**YOUR OBJECTIVE:** The entries that follow must be given again exactly, with no pictures kept.

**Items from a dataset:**
[Start of section]

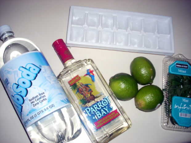 -Ron (esto depende de tu gusto. Mía quisiera más dulce, así que usar Ron de fruta de la pasión. Si te gusta el mojito clásico, fuerte, quedaría con un ron blanco llano).
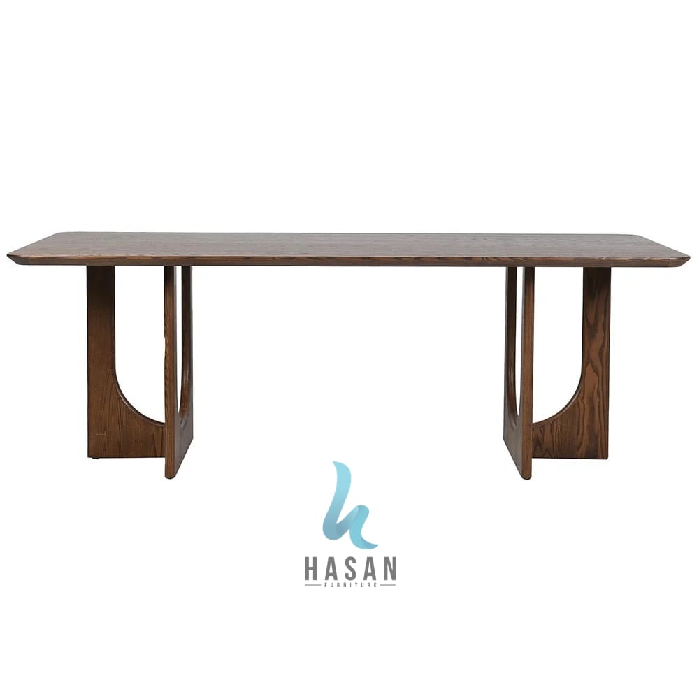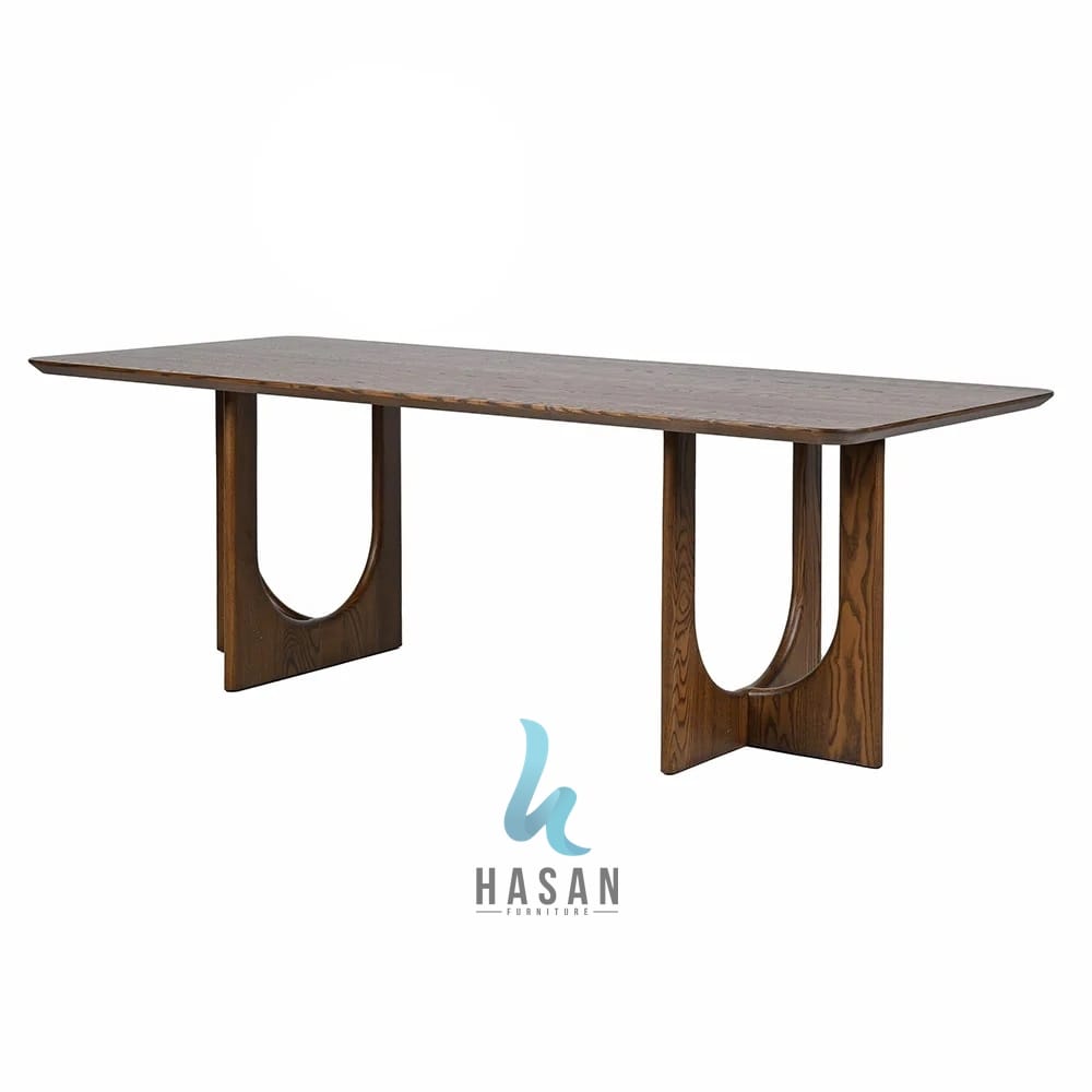 Hadirkan keindahan abadi di ruang makan Anda dengan Rectangular Bold-Arc Pedestal Jati Dining Table. Produk ini dirancang khusus oleh Hasan Furniture untuk menonjolkan kekuatan material kayu jati grade A melalui detail konstruksi kaki yang sangat unik dan masif.
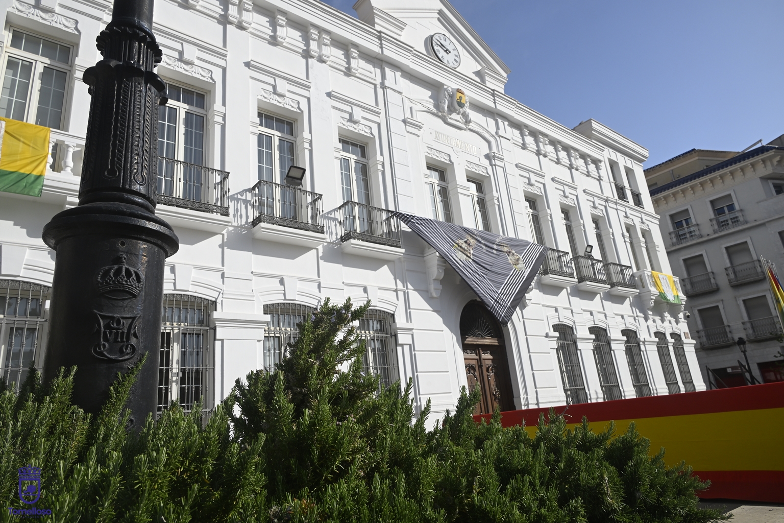 La fachada del Ayuntamiento de Tomelloso luce este año más romera que nunca para recibir a la Stma. Virgen de las Viñas, patrona de la ciudad, que este próximo domingo será trasladada desde su santuario de Pinilla a la parroquia de la Asunción tras la tradicional jornada romera que congregará allí a miles de personas.
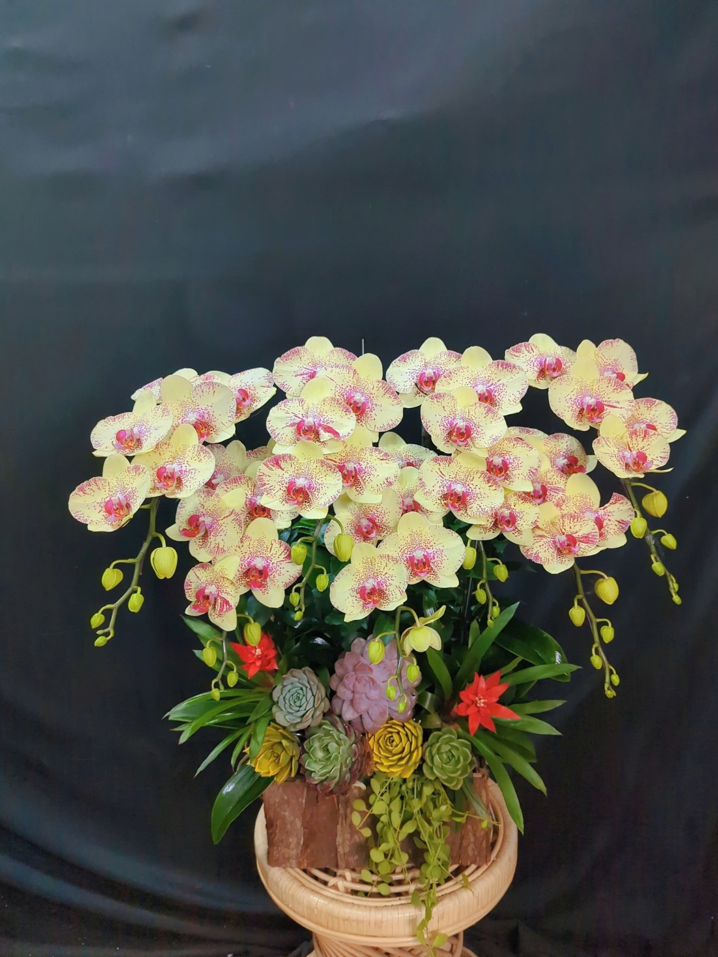 Mỗi nghệ nhân cắm hoa sẽ tạo ra các mẫu hoa khác nhau, không hoàn toàn giống nhau 100% và có độ tùy biến đôi chút, hoalantacpham.com cam kết đảm bảo tầm 90%-95% như mẫu cho quý khách hàng (100% sản phẩm hoa lan từ người dân làng hoa Lâm Đồng).
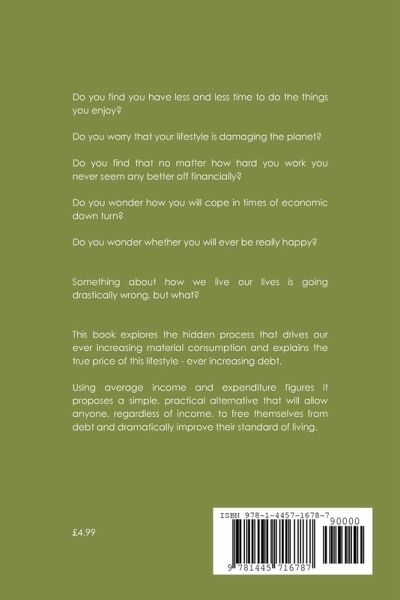 Do you find you have less and less time to do the things you enjoy? Do you worry that your lifestyle is damaging the planet? Do you find that no matter how hard you work you never seem any better off financially? Do you wonder how you will cope in times of economic down turn? Do you wonder whether you will ever be really happy? Something about how we live our lives is going drastically wrong, but what? This book explores the hidden process that drives our ever increasing material consumption and explains the true price of this lifestyle - ever increasing debt. Using average income and expenditure figures it proposes a simple, practical alternative that will allow anyone, regardless of income, to free themselves from debt and dramatically improve their standard of living.

[End of section]

**EXERCISE ANSWER:**
 -Ron (esto depende de tu gusto. Mía quisiera más dulce, así que usar Ron de fruta de la pasión. Si te gusta el mojito clásico, fuerte, quedaría con un ron blanco llano).
 Hadirkan keindahan abadi di ruang makan Anda dengan Rectangular Bold-Arc Pedestal Jati Dining Table. Produk ini dirancang khusus oleh Hasan Furniture untuk menonjolkan kekuatan material kayu jati grade A melalui detail konstruksi kaki yang sangat unik dan masif.
 La fachada del Ayuntamiento de Tomelloso luce este año más romera que nunca para recibir a la Stma. Virgen de las Viñas, patrona de la ciudad, que este próximo domingo será trasladada desde su santuario de Pinilla a la parroquia de la Asunción tras la tradicional jornada romera que congregará allí a miles de personas.
 Mỗi nghệ nhân cắm hoa sẽ tạo ra các mẫu hoa khác nhau, không hoàn toàn giống nhau 100% và có độ tùy biến đôi chút, hoalantacpham.com cam kết đảm bảo tầm 90%-95% như mẫu cho quý khách hàng (100% sản phẩm hoa lan từ người dân làng hoa Lâm Đồng).
 Do you find you have less and less time to do the things you enjoy? Do you worry that your lifestyle is damaging the planet? Do you find that no matter how hard you work you never seem any better off financially? Do you wonder how you will cope in times of economic down turn? Do you wonder whether you will ever be really happy? Something about how we live our lives is going drastically wrong, but what? This book explores the hidden process that drives our ever increasing material consumption and explains the true price of this lifestyle - ever increasing debt. Using average income and expenditure figures it proposes a simple, practical alternative that will allow anyone, regardless of income, to free themselves from debt and dramatically improve their standard of living.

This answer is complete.